Task requirements:
Which lines of the records below contain the string "charm"? Report each of them.

Recorded information:
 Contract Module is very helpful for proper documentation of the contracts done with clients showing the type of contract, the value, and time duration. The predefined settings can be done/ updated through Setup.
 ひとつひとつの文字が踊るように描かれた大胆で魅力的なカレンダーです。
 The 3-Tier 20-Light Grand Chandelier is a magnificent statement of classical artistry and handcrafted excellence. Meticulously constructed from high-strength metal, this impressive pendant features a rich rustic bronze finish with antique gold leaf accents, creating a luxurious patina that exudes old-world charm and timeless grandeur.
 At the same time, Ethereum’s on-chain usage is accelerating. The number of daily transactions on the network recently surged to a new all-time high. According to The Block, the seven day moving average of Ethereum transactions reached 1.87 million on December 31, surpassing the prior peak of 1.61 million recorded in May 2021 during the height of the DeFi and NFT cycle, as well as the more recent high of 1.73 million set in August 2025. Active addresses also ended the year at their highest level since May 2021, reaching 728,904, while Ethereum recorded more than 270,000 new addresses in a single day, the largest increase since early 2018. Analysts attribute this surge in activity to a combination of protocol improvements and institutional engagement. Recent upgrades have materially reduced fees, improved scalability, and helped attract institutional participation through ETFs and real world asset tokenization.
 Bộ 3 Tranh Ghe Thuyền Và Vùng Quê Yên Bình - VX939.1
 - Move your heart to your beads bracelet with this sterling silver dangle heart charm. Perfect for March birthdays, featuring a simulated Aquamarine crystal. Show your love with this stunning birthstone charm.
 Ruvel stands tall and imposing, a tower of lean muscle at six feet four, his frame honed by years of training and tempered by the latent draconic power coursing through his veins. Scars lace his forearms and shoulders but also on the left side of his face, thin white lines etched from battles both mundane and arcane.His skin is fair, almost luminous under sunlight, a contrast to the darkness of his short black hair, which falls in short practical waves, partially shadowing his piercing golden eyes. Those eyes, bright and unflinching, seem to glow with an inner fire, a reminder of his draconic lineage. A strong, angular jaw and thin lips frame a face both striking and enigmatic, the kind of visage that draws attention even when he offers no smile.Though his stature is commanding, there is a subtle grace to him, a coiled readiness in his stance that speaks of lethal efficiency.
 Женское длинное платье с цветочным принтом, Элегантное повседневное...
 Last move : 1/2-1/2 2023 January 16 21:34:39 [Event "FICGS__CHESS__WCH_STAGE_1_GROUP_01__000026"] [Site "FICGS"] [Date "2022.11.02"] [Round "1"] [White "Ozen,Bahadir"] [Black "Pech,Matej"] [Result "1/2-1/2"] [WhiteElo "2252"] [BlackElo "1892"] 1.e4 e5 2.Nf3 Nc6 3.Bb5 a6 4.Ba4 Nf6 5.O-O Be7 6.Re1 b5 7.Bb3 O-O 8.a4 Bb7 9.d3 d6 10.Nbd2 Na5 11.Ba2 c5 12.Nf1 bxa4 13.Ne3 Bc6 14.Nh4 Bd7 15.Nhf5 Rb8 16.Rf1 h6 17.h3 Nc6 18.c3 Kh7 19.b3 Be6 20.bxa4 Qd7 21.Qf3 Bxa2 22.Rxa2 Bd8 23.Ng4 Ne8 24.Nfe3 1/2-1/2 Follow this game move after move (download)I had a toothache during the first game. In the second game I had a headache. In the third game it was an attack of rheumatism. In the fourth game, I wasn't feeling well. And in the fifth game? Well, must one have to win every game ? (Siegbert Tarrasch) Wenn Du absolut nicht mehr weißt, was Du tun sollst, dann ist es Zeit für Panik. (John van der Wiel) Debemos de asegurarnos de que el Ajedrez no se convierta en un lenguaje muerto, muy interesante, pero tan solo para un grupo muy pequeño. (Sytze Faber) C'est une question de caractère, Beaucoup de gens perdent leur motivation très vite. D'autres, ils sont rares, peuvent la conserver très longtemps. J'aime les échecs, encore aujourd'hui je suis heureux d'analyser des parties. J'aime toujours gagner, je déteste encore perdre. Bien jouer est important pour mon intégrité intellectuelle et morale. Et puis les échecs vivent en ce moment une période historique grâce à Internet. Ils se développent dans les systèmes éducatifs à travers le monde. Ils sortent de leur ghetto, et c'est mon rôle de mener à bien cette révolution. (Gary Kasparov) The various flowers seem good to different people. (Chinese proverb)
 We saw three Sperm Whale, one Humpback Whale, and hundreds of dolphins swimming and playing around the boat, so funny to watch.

Task response:
 The 3-Tier 20-Light Grand Chandelier is a magnificent statement of classical artistry and handcrafted excellence. Meticulously constructed from high-strength metal, this impressive pendant features a rich rustic bronze finish with antique gold leaf accents, creating a luxurious patina that exudes old-world charm and timeless grandeur.
 - Move your heart to your beads bracelet with this sterling silver dangle heart charm. Perfect for March birthdays, featuring a simulated Aquamarine crystal. Show your love with this stunning birthstone charm.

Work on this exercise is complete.